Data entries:
*** Begin section ***
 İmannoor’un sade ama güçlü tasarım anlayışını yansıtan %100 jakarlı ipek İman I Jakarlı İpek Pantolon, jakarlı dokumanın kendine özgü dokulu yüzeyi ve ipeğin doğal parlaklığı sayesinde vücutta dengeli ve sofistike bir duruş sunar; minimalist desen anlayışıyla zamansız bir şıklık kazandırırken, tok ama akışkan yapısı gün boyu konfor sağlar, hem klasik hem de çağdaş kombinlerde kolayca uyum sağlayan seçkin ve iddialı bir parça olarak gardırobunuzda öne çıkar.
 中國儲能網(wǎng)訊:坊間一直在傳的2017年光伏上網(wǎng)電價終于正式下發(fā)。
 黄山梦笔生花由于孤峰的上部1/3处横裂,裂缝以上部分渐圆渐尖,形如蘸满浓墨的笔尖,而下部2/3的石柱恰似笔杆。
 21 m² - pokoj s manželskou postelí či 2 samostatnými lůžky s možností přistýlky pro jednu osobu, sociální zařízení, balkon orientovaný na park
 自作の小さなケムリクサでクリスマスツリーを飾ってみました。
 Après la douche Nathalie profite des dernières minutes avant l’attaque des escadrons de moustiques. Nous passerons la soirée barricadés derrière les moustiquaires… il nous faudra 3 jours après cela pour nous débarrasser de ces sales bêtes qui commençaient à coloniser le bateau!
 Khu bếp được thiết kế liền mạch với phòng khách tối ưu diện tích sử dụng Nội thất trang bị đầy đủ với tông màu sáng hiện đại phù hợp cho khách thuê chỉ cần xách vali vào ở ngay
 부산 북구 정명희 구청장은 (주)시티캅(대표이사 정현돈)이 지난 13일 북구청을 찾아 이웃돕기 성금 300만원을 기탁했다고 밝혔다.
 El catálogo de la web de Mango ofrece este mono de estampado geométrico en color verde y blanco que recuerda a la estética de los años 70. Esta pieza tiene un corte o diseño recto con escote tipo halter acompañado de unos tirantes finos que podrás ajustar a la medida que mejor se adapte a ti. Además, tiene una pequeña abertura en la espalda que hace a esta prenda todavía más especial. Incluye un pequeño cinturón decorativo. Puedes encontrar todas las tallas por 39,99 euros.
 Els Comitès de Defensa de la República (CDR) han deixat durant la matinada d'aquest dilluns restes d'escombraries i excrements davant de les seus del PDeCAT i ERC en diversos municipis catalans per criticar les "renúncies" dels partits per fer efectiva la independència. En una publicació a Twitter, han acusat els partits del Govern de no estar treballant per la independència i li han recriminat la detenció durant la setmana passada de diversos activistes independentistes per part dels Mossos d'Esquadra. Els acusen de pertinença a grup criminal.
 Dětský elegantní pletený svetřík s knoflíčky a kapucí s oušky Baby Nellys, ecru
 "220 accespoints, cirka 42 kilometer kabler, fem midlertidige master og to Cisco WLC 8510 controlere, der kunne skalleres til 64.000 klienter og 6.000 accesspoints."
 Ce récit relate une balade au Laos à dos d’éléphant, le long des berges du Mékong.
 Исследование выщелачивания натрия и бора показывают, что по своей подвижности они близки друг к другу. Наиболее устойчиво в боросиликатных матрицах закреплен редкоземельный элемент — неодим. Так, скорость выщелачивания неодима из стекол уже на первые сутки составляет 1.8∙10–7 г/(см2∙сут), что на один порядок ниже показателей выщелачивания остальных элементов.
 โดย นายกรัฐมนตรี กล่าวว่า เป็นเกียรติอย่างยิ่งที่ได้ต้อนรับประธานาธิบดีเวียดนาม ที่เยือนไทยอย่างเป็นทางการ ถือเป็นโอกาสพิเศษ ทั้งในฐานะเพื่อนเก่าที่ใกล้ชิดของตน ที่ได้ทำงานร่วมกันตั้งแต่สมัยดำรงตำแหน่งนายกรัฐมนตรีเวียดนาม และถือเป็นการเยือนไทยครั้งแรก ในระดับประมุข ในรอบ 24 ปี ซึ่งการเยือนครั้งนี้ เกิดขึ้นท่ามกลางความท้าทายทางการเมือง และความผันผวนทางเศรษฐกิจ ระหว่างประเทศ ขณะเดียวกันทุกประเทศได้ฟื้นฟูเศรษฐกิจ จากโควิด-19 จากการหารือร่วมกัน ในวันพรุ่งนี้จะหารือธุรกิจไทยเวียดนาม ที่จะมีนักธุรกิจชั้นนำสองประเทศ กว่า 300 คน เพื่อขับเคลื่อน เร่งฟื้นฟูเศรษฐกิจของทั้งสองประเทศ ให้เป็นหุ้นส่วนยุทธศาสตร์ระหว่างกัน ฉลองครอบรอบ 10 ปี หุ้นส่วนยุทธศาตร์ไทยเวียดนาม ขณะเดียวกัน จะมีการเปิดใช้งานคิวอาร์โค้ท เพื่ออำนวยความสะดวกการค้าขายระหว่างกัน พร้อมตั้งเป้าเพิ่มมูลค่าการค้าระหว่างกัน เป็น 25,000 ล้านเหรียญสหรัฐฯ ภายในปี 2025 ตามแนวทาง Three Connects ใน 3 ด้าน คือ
*** End section ***
◆ Work request: An exact copy of the data is needed.

◆ Problem solution:
 İmannoor’un sade ama güçlü tasarım anlayışını yansıtan %100 jakarlı ipek İman I Jakarlı İpek Pantolon, jakarlı dokumanın kendine özgü dokulu yüzeyi ve ipeğin doğal parlaklığı sayesinde vücutta dengeli ve sofistike bir duruş sunar; minimalist desen anlayışıyla zamansız bir şıklık kazandırırken, tok ama akışkan yapısı gün boyu konfor sağlar, hem klasik hem de çağdaş kombinlerde kolayca uyum sağlayan seçkin ve iddialı bir parça olarak gardırobunuzda öne çıkar.
 中國儲能網(wǎng)訊:坊間一直在傳的2017年光伏上網(wǎng)電價終于正式下發(fā)。
 黄山梦笔生花由于孤峰的上部1/3处横裂,裂缝以上部分渐圆渐尖,形如蘸满浓墨的笔尖,而下部2/3的石柱恰似笔杆。
 21 m² - pokoj s manželskou postelí či 2 samostatnými lůžky s možností přistýlky pro jednu osobu, sociální zařízení, balkon orientovaný na park
 自作の小さなケムリクサでクリスマスツリーを飾ってみました。
 Après la douche Nathalie profite des dernières minutes avant l’attaque des escadrons de moustiques. Nous passerons la soirée barricadés derrière les moustiquaires… il nous faudra 3 jours après cela pour nous débarrasser de ces sales bêtes qui commençaient à coloniser le bateau!
 Khu bếp được thiết kế liền mạch với phòng khách tối ưu diện tích sử dụng Nội thất trang bị đầy đủ với tông màu sáng hiện đại phù hợp cho khách thuê chỉ cần xách vali vào ở ngay
 부산 북구 정명희 구청장은 (주)시티캅(대표이사 정현돈)이 지난 13일 북구청을 찾아 이웃돕기 성금 300만원을 기탁했다고 밝혔다.
 El catálogo de la web de Mango ofrece este mono de estampado geométrico en color verde y blanco que recuerda a la estética de los años 70. Esta pieza tiene un corte o diseño recto con escote tipo halter acompañado de unos tirantes finos que podrás ajustar a la medida que mejor se adapte a ti. Además, tiene una pequeña abertura en la espalda que hace a esta prenda todavía más especial. Incluye un pequeño cinturón decorativo. Puedes encontrar todas las tallas por 39,99 euros.
 Els Comitès de Defensa de la República (CDR) han deixat durant la matinada d'aquest dilluns restes d'escombraries i excrements davant de les seus del PDeCAT i ERC en diversos municipis catalans per criticar les "renúncies" dels partits per fer efectiva la independència. En una publicació a Twitter, han acusat els partits del Govern de no estar treballant per la independència i li han recriminat la detenció durant la setmana passada de diversos activistes independentistes per part dels Mossos d'Esquadra. Els acusen de pertinença a grup criminal.
 Dětský elegantní pletený svetřík s knoflíčky a kapucí s oušky Baby Nellys, ecru
 "220 accespoints, cirka 42 kilometer kabler, fem midlertidige master og to Cisco WLC 8510 controlere, der kunne skalleres til 64.000 klienter og 6.000 accesspoints."
 Ce récit relate une balade au Laos à dos d’éléphant, le long des berges du Mékong.
 Исследование выщелачивания натрия и бора показывают, что по своей подвижности они близки друг к другу. Наиболее устойчиво в боросиликатных матрицах закреплен редкоземельный элемент — неодим. Так, скорость выщелачивания неодима из стекол уже на первые сутки составляет 1.8∙10–7 г/(см2∙сут), что на один порядок ниже показателей выщелачивания остальных элементов.
 โดย นายกรัฐมนตรี กล่าวว่า เป็นเกียรติอย่างยิ่งที่ได้ต้อนรับประธานาธิบดีเวียดนาม ที่เยือนไทยอย่างเป็นทางการ ถือเป็นโอกาสพิเศษ ทั้งในฐานะเพื่อนเก่าที่ใกล้ชิดของตน ที่ได้ทำงานร่วมกันตั้งแต่สมัยดำรงตำแหน่งนายกรัฐมนตรีเวียดนาม และถือเป็นการเยือนไทยครั้งแรก ในระดับประมุข ในรอบ 24 ปี ซึ่งการเยือนครั้งนี้ เกิดขึ้นท่ามกลางความท้าทายทางการเมือง และความผันผวนทางเศรษฐกิจ ระหว่างประเทศ ขณะเดียวกันทุกประเทศได้ฟื้นฟูเศรษฐกิจ จากโควิด-19 จากการหารือร่วมกัน ในวันพรุ่งนี้จะหารือธุรกิจไทยเวียดนาม ที่จะมีนักธุรกิจชั้นนำสองประเทศ กว่า 300 คน เพื่อขับเคลื่อน เร่งฟื้นฟูเศรษฐกิจของทั้งสองประเทศ ให้เป็นหุ้นส่วนยุทธศาสตร์ระหว่างกัน ฉลองครอบรอบ 10 ปี หุ้นส่วนยุทธศาตร์ไทยเวียดนาม ขณะเดียวกัน จะมีการเปิดใช้งานคิวอาร์โค้ท เพื่ออำนวยความสะดวกการค้าขายระหว่างกัน พร้อมตั้งเป้าเพิ่มมูลค่าการค้าระหว่างกัน เป็น 25,000 ล้านเหรียญสหรัฐฯ ภายในปี 2025 ตามแนวทาง Three Connects ใน 3 ด้าน คือ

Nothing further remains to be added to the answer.